「うちの子、計算は速いのに模試の文章題になると全然解けないんです」──中学3年生の保護者から繰り返し聞く訴えがある。SNSでは「数学センスの問題」「練習量が足りない」という声が飛び交うが、2026年度の全国学力テストのデータはまったく別の構造を指し示している。

文科省の発表を読み解くと、見えてくるのは「計算力(知識・技能)と記述・思考力(思考・判断・表現)のあいだに24ポイント以上の差がある」という事実だ。これは個々の子どもの才能や練習量の問題ではなく、学習指導要領が求める力と家庭・学校での訓練のあいだに構造的なズレが生まれているからだ。

2026年度全国学力テスト──算数・数学の正答率が示すもの

文部科学省・国立教育政策研究所は2026年7月16日に全国学力・学習状況調査の平均正答率を、8月3日に詳細な分析結果を公表した。算数・数学のデータを整理すると次のとおりだ。

対象 全体平均 知識・技能 思考・判断・表現
小学6年(算数) 56.6% 64.8% 43.5%
中学3年(数学) 57.4% 63.3% 39.6%

中学3年数学では「知識・技能」が63.3%に対して「思考・判断・表現」が39.6%と、約24ポイントの開きがある。記述式問題に限ると無解答率が39%に達した問題もあった。領域別に見ると「図形」が49.2%と最も低く、「データの活用」53.8%、「関数」55.3%、「数と式」68.1%と続く。

さらに深刻なのは二極化だ。

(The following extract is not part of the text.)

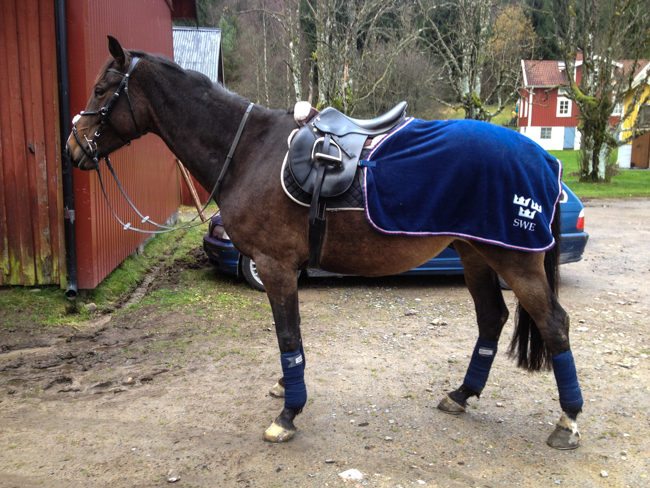 Kaprifol är nu på väg igång igen efter en välförtjänt vilovecka. I söndags skrittades hon ut i skogen och igår fick hon jogga lite på lina på ridbanan. Hon såg fräsch ut och busade lite i galoppen men höll sig ganska bra på mattan. Hon fick röra sig lite i alla gångarter samt trava över ett par bommar några gånger.
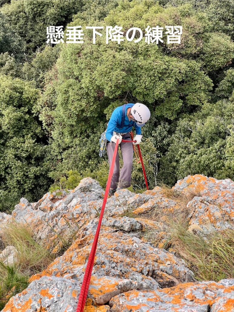 ★11月の月例岩登り演習で、苫米地さんに下見にきてもらいました。1日でできるメニューの確認をしてもらいました。天候は青空。3点のロープワーク、器具あり懸垂下降の安全確認、ブルージックよる登り返し、コンテ、トップロープによる岩登り練習等で4時間から5時間のメニューになります。私の方はクライミングシューズの底がとうとう剥がれしまい。買いなおす必要となりました。(根田)

上位25%と下位25%の正答率の差が40ポイント以上開いており、同じ教室で同じ授業を受けながら理解度の乖離がここまで拡大している実態が数値化された。生活習慣アンケートでは、平日にSNSや動画視聴を「3時間以上」行う中学生が約5割(49.1%)に達し、利用時間が長い生徒ほど全教科で正答率が低い傾向も確認された。

なぜ「知識・技能」と「思考・判断・表現」にこれほど差が生まれるのか

学習指導要領(平成29年告示)の本文には、算数・数学の目標として「数学的に考える資質・能力」を3つに整理している。①知識・技能(計算手順の習得)、②思考・判断・表現(数学的な推論と記述)、③主体的に学習に取り組む態度、である。

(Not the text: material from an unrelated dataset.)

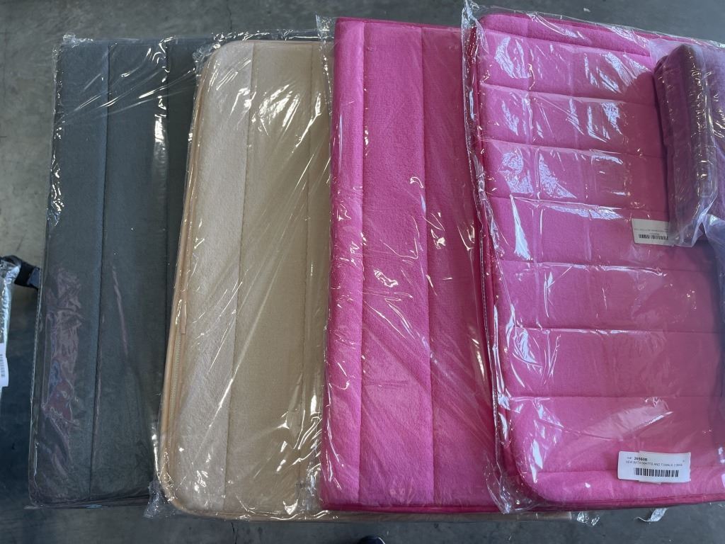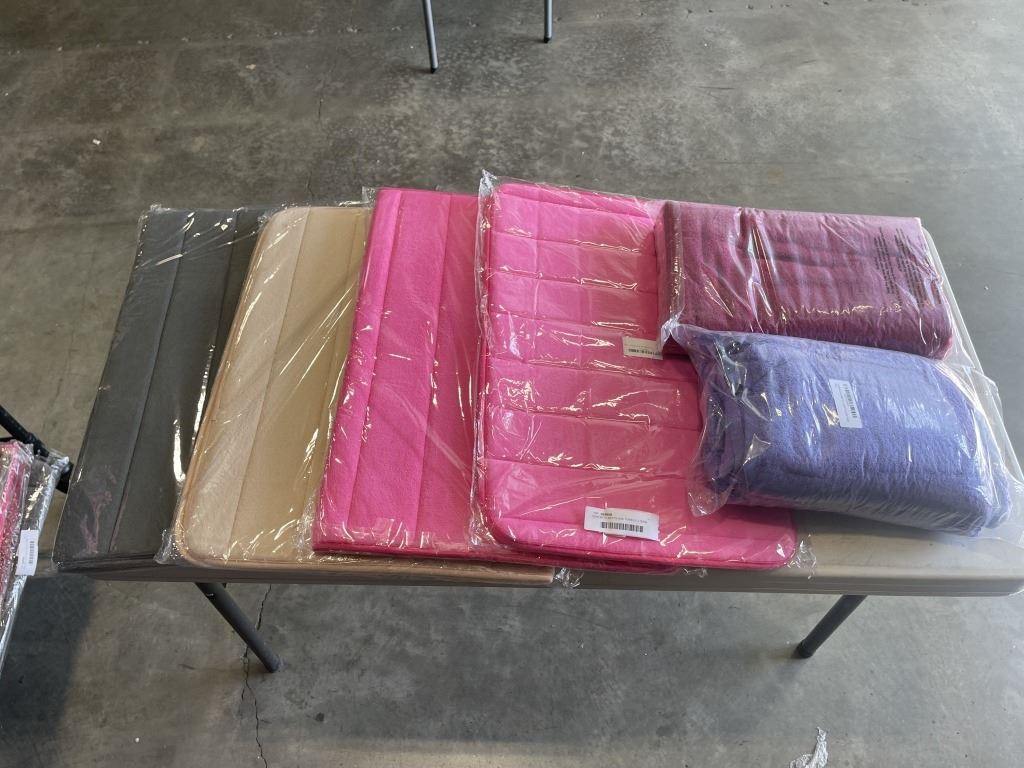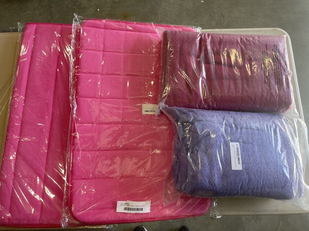 NEW BATH MATTS AND TOWELS, 2 28X56 INCH BATH TOWELS, 1 40X70 BEACH TOWEL, 2 23.5 X 35.5 SOFT FOAM BATGH MATTS, 1 19.5X31.5 SOFT FOAM BATH MATT AND 1 15.5X23.5 FOAM BATH MATT

「知識・技能」は計算ドリルや反復練習で比較的伸ばしやすい。問題なのは②「思考・判断・表現」──自分が考えたことを数学的に言葉と式で記述する力だ。この力が育たない構造的要因を3つ挙げる。

要因① 記述の「型」を練習する機会が少ない

「なぜこうなるか」を言葉と式で書く練習は、教科書の単元末にあるが、日常の授業では「答えが合っているかどうか」の確認が中心になりやすい。答えが正しければ「なぜそうなるか」を書かせる機会は省略されがちだ。

要因② 無解答率の高さが示す「書く前の諦め」

記述問題の無解答率が39%に達した問題があった事実は、子どもたちが「書けない」ではなく「書く前に諦めている」可能性を示唆する。国語の記述問題でも類似の構造が見られるが、数学では「式は立てられても、その過程を言葉で説明することへの拒絶感」が関与していると分析できる。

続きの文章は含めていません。